WHAT TO WORK ON:
Retype the data exactly, skipping any picture in it.

RAW DATA:

□ □ □ □ □ □ □

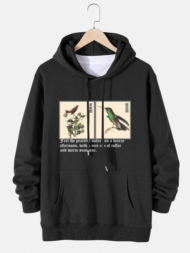 Menns Fugl Kinesisk Maleri Tekstutskrift Bomull Hettegensere Med Snøring
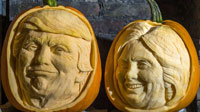 英國:萬圣節最新流行人臉南瓜 特朗普希拉里“上鏡”
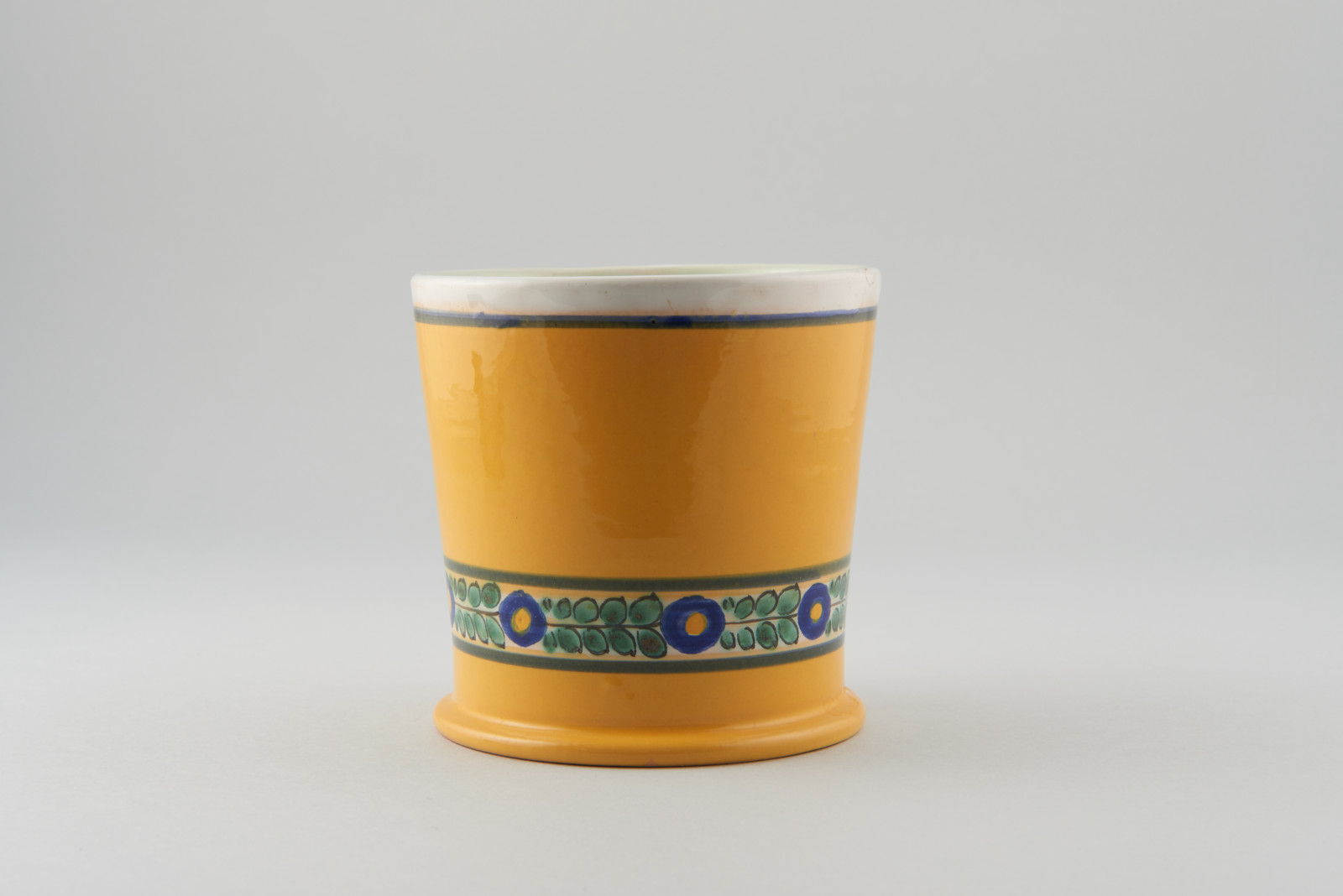 Pohár keramický majolikový, točený na kruhu, smerom od okraja sa zužuje, dno tvorí širší podstavec. Dekor: v spodnej časti dekoratívny pás s kvetmi a vetvičkami z lístkov. Farebnosť: modré kvietky so žltým stredom, zelené lístky, kontúra, podklad žltá glazúra z vonkašej strany, vnútorná strana a okraj biela glazúra.

□ □ □ □ □ □ □

EXPECTED OUTPUT:
 Menns Fugl Kinesisk Maleri Tekstutskrift Bomull Hettegensere Med Snøring
 英國:萬圣節最新流行人臉南瓜 特朗普希拉里“上鏡”
 Pohár keramický majolikový, točený na kruhu, smerom od okraja sa zužuje, dno tvorí širší podstavec. Dekor: v spodnej časti dekoratívny pás s kvetmi a vetvičkami z lístkov. Farebnosť: modré kvietky so žltým stredom, zelené lístky, kontúra, podklad žltá glazúra z vonkašej strany, vnútorná strana a okraj biela glazúra.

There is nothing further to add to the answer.